Collaborated with Michael Milford and Gordon Wyeth: Calibrating spiking head direction networks on robots with long-term deployments, for example in factory and warehouse delivery tasks, where on-going calibration is required due to mechanical wear and damage accrued over long timeframes.

Collaborated with Francois Windels and Allen Cheung: Continued analysis of the unique neural recording datasets from awake, behaving animals.

Collaborated with David Ball and Chris Nolan: Controlling Braitenberg vehicles with spiking neural networks – how do the temporal dynamics of spiking networks assist in the temporal organisation of embodied behaviour?

Publications

Stratton, P., Wiles, J. (2010) Self-sustained non-periodic activity in a network of spiking neurons: The contribution of local and long-range connections and dynamic synapses. NeuroImage  52: 1070-1079.

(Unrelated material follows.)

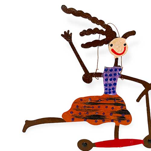 This is a collaboration between Bill and Marcia, The figures are hand cut from recycled metal, filed so there are no sharp edges, painted, and sealed. This piece is 6" Tall and 5.5" wide. Ships free USPS first class mail.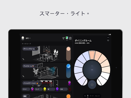 -グループ:「ホームダッシュボード」でのオン/オフや調光のワンタッチ操作など,グループ内のすべての照明が簡単に制御できます。

Stratton, P., Wyeth, G.F. and Wiles, J. (2010) Calibration of the Head Direction Network: a role for Symmetric Angular Head Velocity cells. Journal of Computational Neuroscience 28: 527-538.

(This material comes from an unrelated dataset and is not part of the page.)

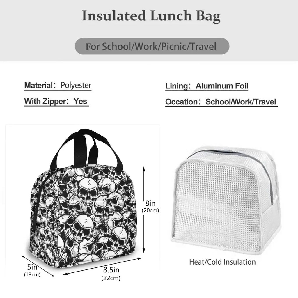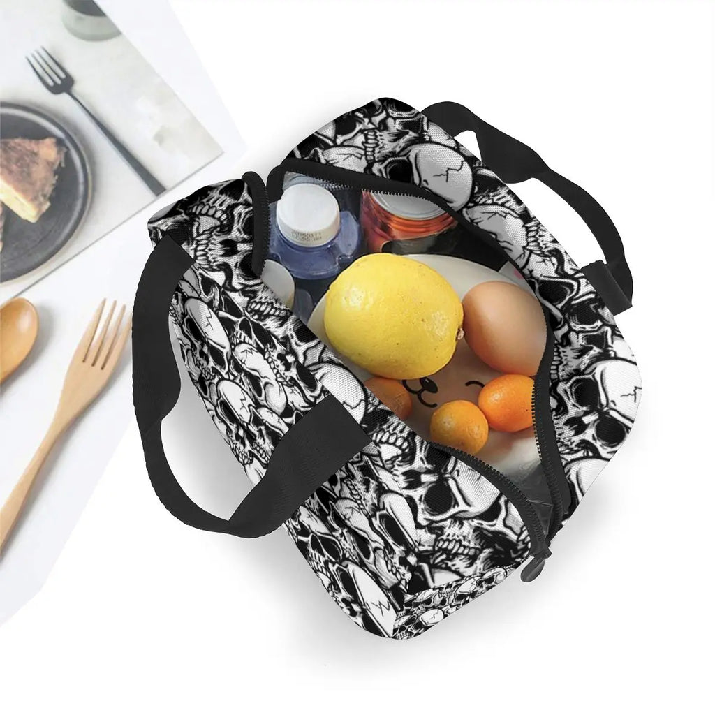 Punk Skull Print Insulated Lunch Bag Cooler Waterproof Picnic Food Storage

Wiles, J., Ball, D., Heath, S., Nolan, C., Stratton, P. (2010) Spike-time robotics: a rapid response circuit for a robot that seeks temporally varying stimuli. To appear In Australian Journal of Intelligent Information Processing Systems.

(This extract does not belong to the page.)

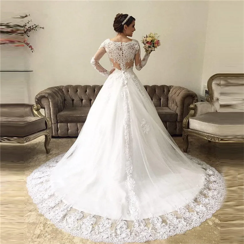 Роскошное кружевное бальное платье из тюля с длинным рукавом, свадебные платья, свадебное платье, платье для невесты, свадебные платья, 2020 robe De mariage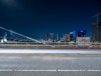 The city of Holland at night, illuminated by electric light and featuring modern architecture, urban design, bridges, skyscrapers, roads, and a horizon of cityscape and artificial lighting.

Stratton, P., Wiles, J. (2010) Complex Spiking Models: A Role for Diffuse Thalamic Projections in Complex Cortical Activity. To appear In Springer LNCS.

Stratton, P., Milford, M., Wiles, J., Wyeth, G.F. (2009) Automatic Calibration of a Spiking Head-Direction Network for Representing Robot Orientation. In Proceedings of the Australasian Conference on Robotics and Automation, Sydney, Australia. 8 pages.

Stratton, P., Wiles, J. (2008) Comparing Kurtosis Score to Traditional Statistical Metrics for Characterizing the Structure in Neural Ensemble Activity. In M. Marinaro et al., editors, Dynamic Brain – from Neural Spikes to Behaviors, Springer LNCS V 5286, 115-122.

Conference Abstracts or Posters

Stratton, P., Wiles, J. A role for symmetric head-angular-velocity cells: Tuning the head-direction network. Frontiers in Systems Neuroscience, 2009 (COSYNE’09).

Stratton, P. Poster presentation at Complex (2007) (Complex Systems conference), Gold Coast, Australia, July 2-5, 2007.

Related Activities

Invited to talk at the “Dynamic Brain: From Neural Spikes to Behaviour” workshop, Sicily, Italy, Dec 5-12, 2007

“Co-organiser of the “Summer of Spikes” summer school on Computation in Spiking Neural Networks, Dec 2009 – Feb 2010.”

International Links

Visited and presented at University College London, December 2007. “Comparing Kurtosis Score to Traditional Statistical Metrics for Characterizing the Structure in Neural Ensemble Activity”.